The task: Write out, word for word and with no pictures, each line below from the one containing "Off the Shoulder" through the one containing "2025新款立体对联正红绒布七字立体春联蛇年春节福字门贴", both included, and no other line.

Entries supplied:
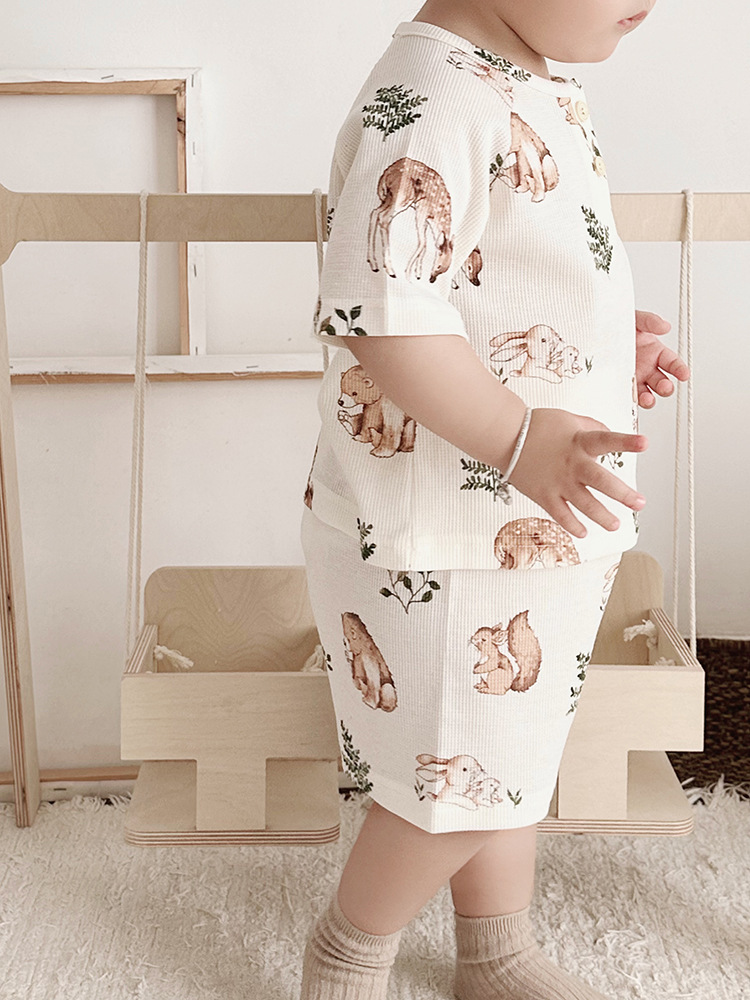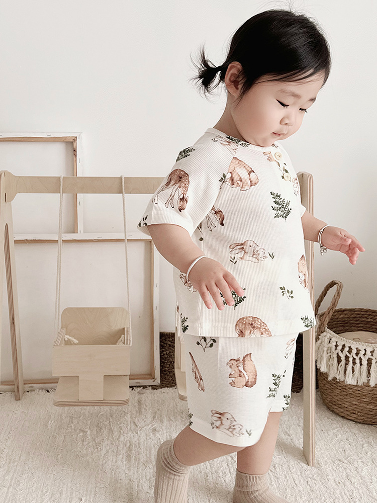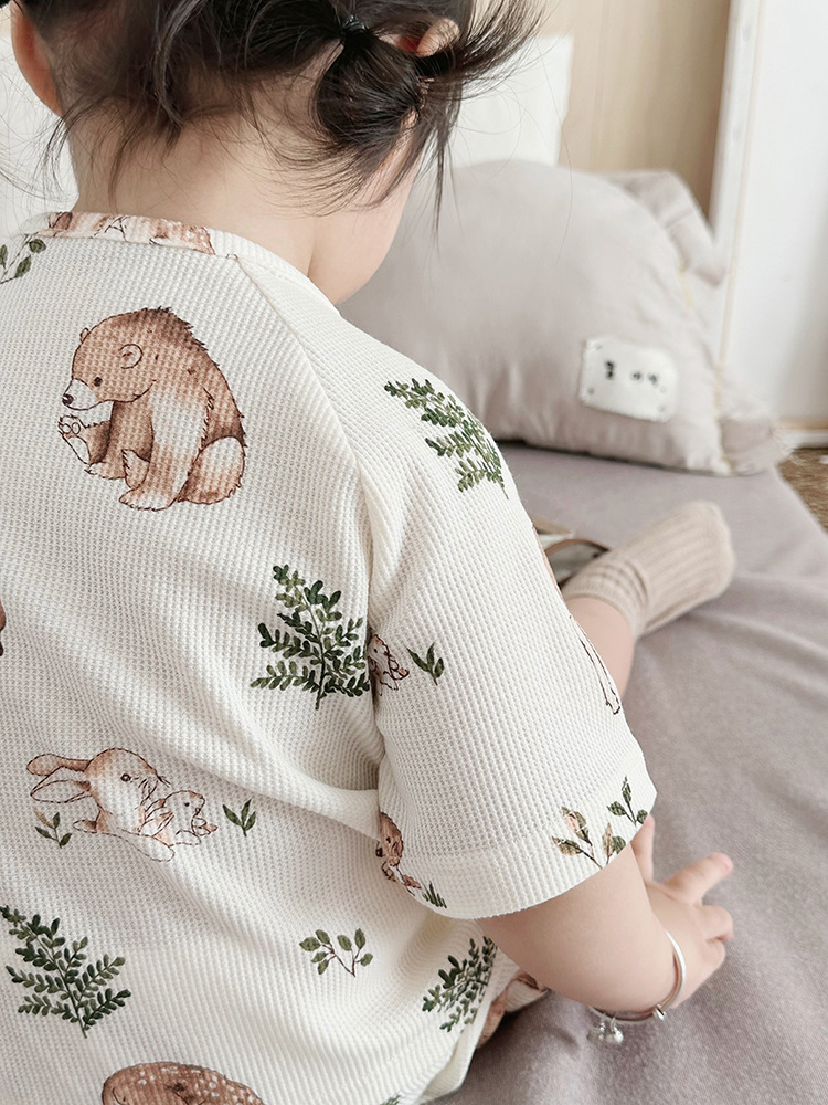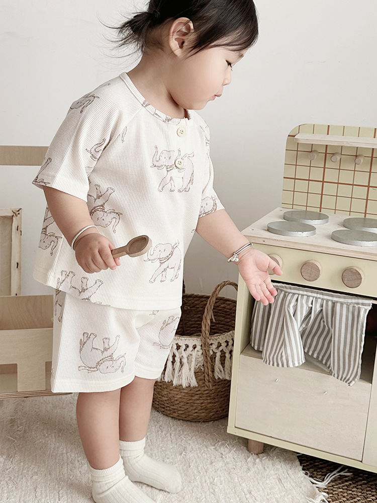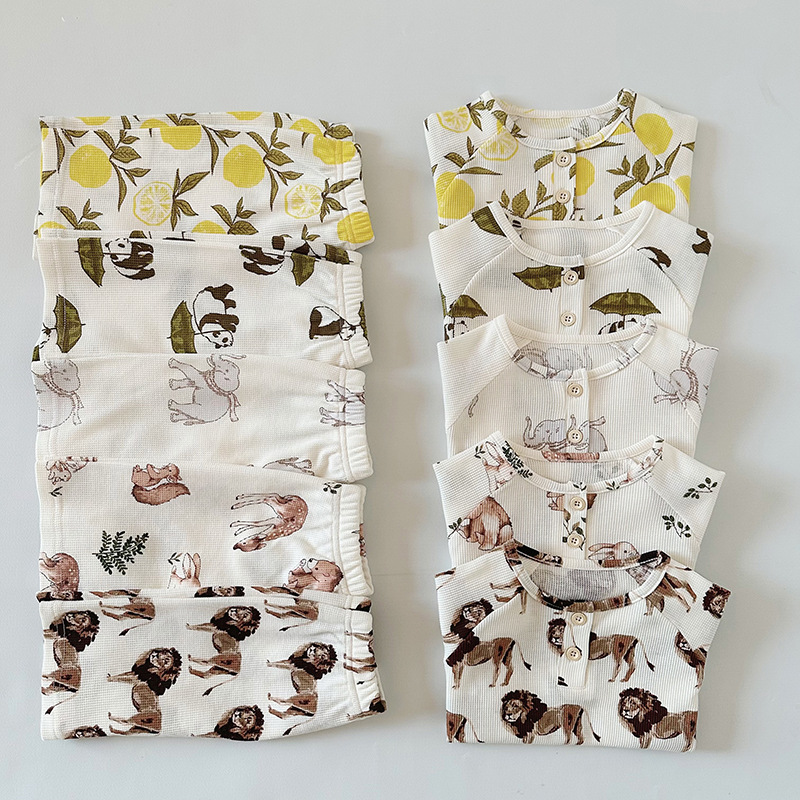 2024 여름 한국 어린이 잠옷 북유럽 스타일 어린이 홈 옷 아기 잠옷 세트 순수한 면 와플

---

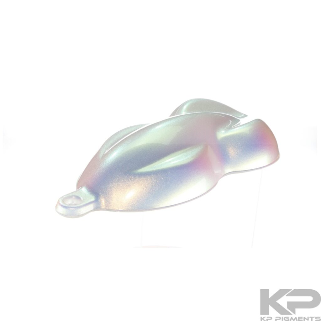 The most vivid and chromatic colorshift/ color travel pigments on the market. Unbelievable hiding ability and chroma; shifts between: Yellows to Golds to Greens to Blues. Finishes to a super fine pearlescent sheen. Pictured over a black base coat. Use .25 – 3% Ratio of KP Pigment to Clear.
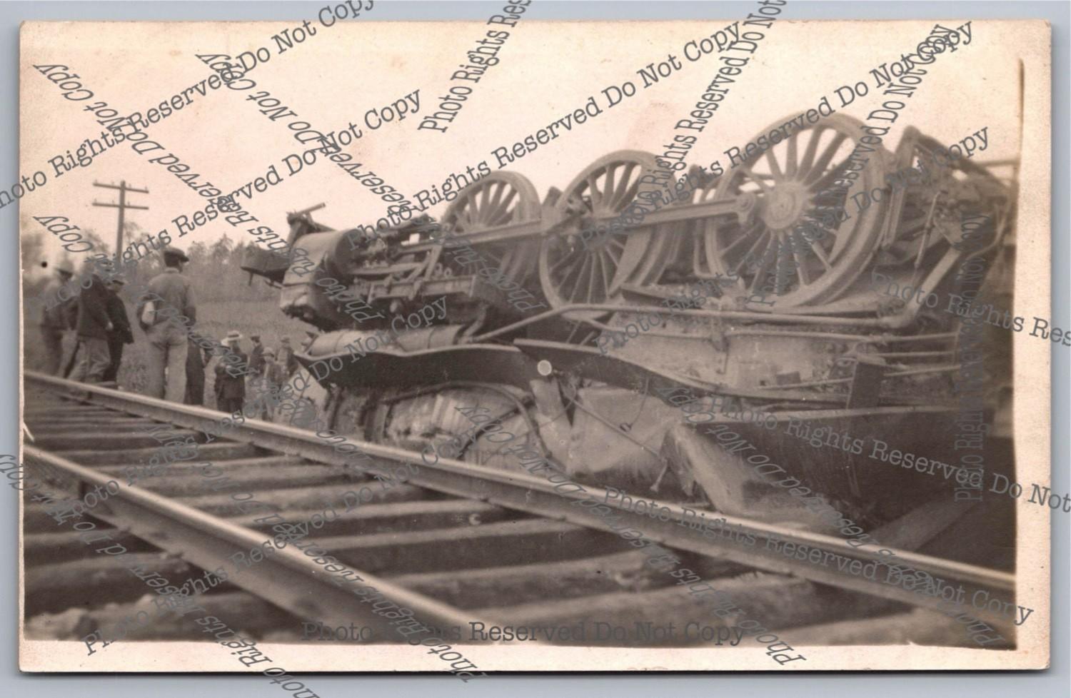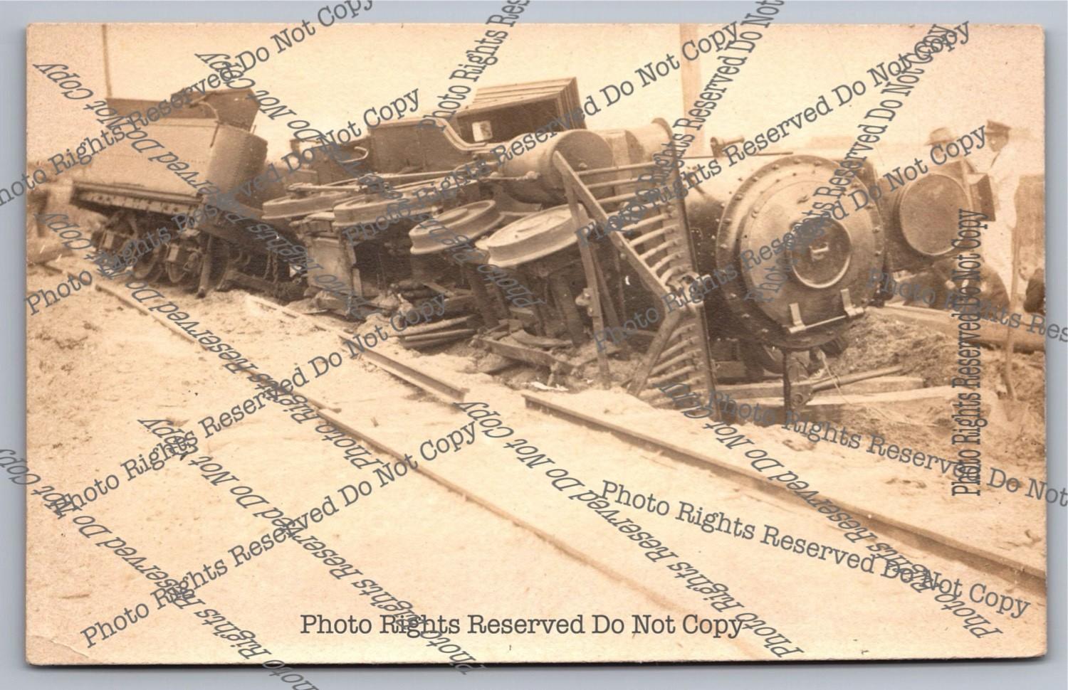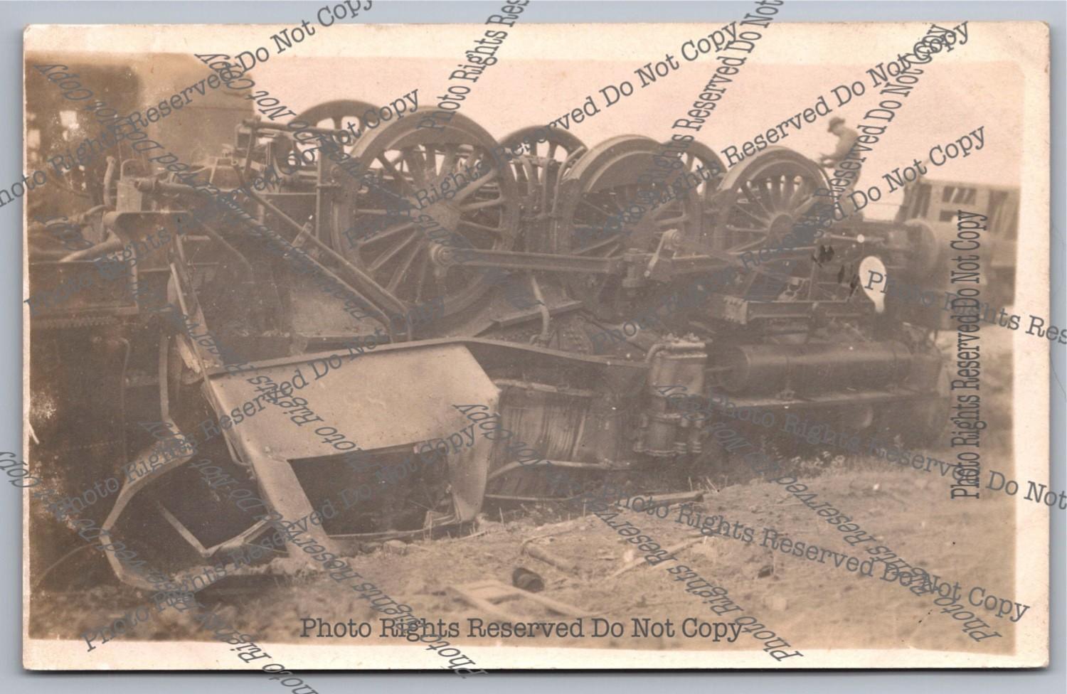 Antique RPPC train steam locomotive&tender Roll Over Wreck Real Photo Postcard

...

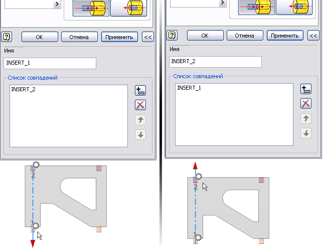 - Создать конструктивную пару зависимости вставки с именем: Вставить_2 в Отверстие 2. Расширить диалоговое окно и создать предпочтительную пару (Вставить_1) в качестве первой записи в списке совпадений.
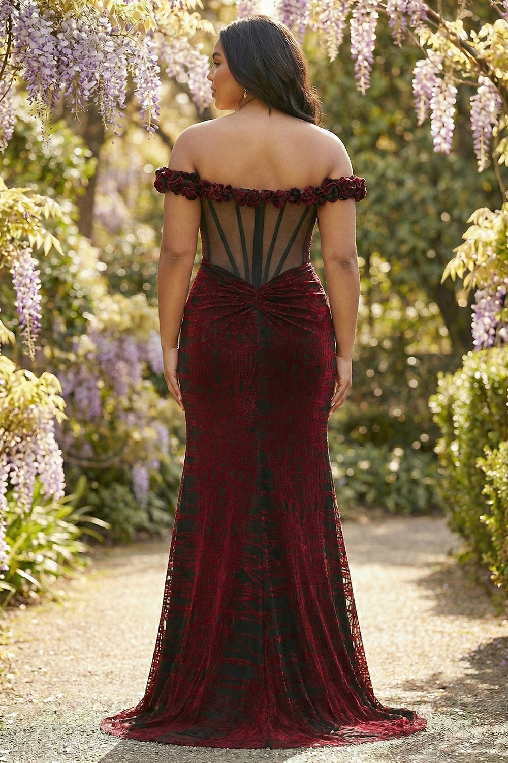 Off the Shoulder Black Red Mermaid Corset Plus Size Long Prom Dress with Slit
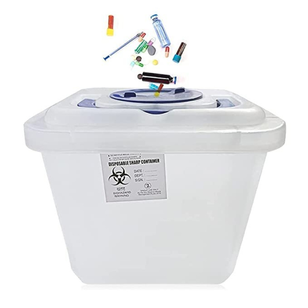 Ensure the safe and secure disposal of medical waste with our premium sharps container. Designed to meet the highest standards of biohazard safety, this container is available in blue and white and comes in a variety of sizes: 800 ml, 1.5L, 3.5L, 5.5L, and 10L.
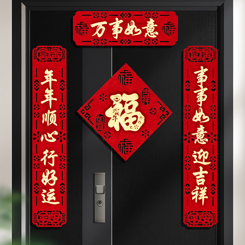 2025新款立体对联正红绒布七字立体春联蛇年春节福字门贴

Task answer:
 Off the Shoulder Black Red Mermaid Corset Plus Size Long Prom Dress with Slit
 Ensure the safe and secure disposal of medical waste with our premium sharps container. Designed to meet the highest standards of biohazard safety, this container is available in blue and white and comes in a variety of sizes: 800 ml, 1.5L, 3.5L, 5.5L, and 10L.
 2025新款立体对联正红绒布七字立体春联蛇年春节福字门贴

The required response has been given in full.